* Exercise goal
Determine how many lines of the data include the word "Malaysia", and write only that number.

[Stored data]

***

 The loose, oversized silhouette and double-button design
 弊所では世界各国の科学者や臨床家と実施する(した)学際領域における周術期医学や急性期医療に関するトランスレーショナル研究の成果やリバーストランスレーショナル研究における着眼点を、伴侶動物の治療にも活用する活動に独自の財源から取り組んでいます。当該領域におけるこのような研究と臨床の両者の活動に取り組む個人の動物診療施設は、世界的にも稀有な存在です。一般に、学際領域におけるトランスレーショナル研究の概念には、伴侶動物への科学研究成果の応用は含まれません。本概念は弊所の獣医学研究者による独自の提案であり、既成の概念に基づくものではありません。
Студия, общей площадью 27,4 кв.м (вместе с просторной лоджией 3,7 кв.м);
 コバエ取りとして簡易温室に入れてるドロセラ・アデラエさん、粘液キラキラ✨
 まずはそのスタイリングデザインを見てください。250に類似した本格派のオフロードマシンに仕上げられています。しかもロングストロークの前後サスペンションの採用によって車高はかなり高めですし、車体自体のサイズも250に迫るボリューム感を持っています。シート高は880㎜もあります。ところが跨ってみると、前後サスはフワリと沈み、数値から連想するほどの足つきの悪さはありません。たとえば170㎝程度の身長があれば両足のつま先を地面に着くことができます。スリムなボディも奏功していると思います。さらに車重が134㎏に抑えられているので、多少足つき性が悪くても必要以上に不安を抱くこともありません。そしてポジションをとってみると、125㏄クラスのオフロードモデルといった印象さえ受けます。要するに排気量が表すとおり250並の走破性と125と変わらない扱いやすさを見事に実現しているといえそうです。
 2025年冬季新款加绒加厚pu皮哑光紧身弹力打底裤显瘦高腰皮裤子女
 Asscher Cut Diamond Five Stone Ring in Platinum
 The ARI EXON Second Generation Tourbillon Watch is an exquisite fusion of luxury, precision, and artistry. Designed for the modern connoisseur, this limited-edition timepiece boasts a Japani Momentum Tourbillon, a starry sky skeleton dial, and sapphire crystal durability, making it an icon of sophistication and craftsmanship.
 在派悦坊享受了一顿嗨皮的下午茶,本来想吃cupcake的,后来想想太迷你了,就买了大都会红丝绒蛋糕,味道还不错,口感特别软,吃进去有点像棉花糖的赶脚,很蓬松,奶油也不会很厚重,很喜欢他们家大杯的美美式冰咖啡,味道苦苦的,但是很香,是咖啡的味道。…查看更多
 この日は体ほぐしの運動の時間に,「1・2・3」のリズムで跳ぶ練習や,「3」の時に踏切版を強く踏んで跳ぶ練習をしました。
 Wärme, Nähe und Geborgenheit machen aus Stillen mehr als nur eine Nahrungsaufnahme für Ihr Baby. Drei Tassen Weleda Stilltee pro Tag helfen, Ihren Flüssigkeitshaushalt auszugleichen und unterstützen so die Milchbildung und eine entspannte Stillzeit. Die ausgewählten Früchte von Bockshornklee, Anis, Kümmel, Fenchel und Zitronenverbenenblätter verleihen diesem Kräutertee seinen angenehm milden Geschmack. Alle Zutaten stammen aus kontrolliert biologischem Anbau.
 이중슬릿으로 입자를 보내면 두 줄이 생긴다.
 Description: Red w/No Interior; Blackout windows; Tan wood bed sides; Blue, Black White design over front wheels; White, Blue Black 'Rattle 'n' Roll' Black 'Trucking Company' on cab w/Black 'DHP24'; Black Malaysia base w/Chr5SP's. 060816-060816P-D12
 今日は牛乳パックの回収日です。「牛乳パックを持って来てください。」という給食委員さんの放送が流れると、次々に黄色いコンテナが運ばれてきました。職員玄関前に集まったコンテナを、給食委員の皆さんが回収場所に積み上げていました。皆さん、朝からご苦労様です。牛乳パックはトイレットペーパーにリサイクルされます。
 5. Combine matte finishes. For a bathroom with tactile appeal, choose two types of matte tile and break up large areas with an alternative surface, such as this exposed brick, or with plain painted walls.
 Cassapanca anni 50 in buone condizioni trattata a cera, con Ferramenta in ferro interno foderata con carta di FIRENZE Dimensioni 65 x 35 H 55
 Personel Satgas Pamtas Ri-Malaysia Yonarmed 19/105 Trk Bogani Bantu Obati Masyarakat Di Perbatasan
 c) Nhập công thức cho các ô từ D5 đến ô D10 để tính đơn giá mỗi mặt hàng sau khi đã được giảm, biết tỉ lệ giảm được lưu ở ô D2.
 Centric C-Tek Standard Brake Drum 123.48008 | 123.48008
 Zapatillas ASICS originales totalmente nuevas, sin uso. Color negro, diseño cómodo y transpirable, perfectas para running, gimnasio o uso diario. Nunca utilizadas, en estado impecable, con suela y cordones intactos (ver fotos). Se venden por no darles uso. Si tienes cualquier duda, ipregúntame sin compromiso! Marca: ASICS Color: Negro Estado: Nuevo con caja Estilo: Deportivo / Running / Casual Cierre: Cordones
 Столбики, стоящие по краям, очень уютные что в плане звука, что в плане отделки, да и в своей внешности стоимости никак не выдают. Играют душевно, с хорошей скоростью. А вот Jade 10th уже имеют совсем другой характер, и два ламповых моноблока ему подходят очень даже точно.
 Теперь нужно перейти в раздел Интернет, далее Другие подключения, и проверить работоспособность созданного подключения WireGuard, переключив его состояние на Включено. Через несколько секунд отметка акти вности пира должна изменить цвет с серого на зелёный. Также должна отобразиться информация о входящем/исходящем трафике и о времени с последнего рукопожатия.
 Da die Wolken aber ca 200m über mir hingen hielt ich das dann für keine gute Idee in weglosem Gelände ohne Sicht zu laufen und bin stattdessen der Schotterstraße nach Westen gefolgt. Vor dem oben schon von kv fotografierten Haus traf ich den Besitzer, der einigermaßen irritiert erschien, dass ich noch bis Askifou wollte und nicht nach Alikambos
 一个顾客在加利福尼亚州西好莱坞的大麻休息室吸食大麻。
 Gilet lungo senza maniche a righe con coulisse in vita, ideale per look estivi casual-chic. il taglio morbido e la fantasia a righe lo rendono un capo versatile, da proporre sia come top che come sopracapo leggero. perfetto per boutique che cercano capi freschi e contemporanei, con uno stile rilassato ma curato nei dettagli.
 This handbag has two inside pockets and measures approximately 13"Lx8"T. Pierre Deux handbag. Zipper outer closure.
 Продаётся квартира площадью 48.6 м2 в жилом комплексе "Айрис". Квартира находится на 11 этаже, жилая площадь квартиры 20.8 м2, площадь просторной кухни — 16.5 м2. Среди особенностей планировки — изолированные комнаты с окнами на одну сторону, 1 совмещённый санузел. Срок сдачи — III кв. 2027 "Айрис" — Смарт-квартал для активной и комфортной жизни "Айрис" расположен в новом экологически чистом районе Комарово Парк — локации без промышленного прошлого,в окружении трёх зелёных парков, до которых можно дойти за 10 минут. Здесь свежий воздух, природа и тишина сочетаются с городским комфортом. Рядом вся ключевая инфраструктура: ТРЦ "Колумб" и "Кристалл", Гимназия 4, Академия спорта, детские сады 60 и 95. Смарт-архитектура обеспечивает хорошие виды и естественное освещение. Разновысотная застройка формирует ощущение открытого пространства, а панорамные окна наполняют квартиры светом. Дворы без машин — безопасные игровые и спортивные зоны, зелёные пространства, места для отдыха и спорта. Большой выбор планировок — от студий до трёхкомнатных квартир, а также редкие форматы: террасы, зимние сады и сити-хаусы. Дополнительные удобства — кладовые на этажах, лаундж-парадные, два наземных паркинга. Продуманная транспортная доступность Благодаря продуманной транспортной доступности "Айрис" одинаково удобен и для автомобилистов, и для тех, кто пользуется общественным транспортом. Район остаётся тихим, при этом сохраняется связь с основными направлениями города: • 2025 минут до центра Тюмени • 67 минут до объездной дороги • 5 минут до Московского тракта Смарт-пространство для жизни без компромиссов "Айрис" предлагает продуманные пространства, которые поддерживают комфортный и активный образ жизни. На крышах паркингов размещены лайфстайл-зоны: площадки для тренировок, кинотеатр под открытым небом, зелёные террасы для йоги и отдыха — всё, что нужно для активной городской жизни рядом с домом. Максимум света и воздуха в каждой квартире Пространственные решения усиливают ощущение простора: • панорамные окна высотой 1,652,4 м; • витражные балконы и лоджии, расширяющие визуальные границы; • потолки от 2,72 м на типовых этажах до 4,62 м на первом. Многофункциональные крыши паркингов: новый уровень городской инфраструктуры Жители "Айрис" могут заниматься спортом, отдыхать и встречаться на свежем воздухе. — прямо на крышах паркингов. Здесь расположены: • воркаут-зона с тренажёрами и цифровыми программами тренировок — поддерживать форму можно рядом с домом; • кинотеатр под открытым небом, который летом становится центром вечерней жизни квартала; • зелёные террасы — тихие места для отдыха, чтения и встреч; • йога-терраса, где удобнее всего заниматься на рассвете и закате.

***

* Response for this exercise
2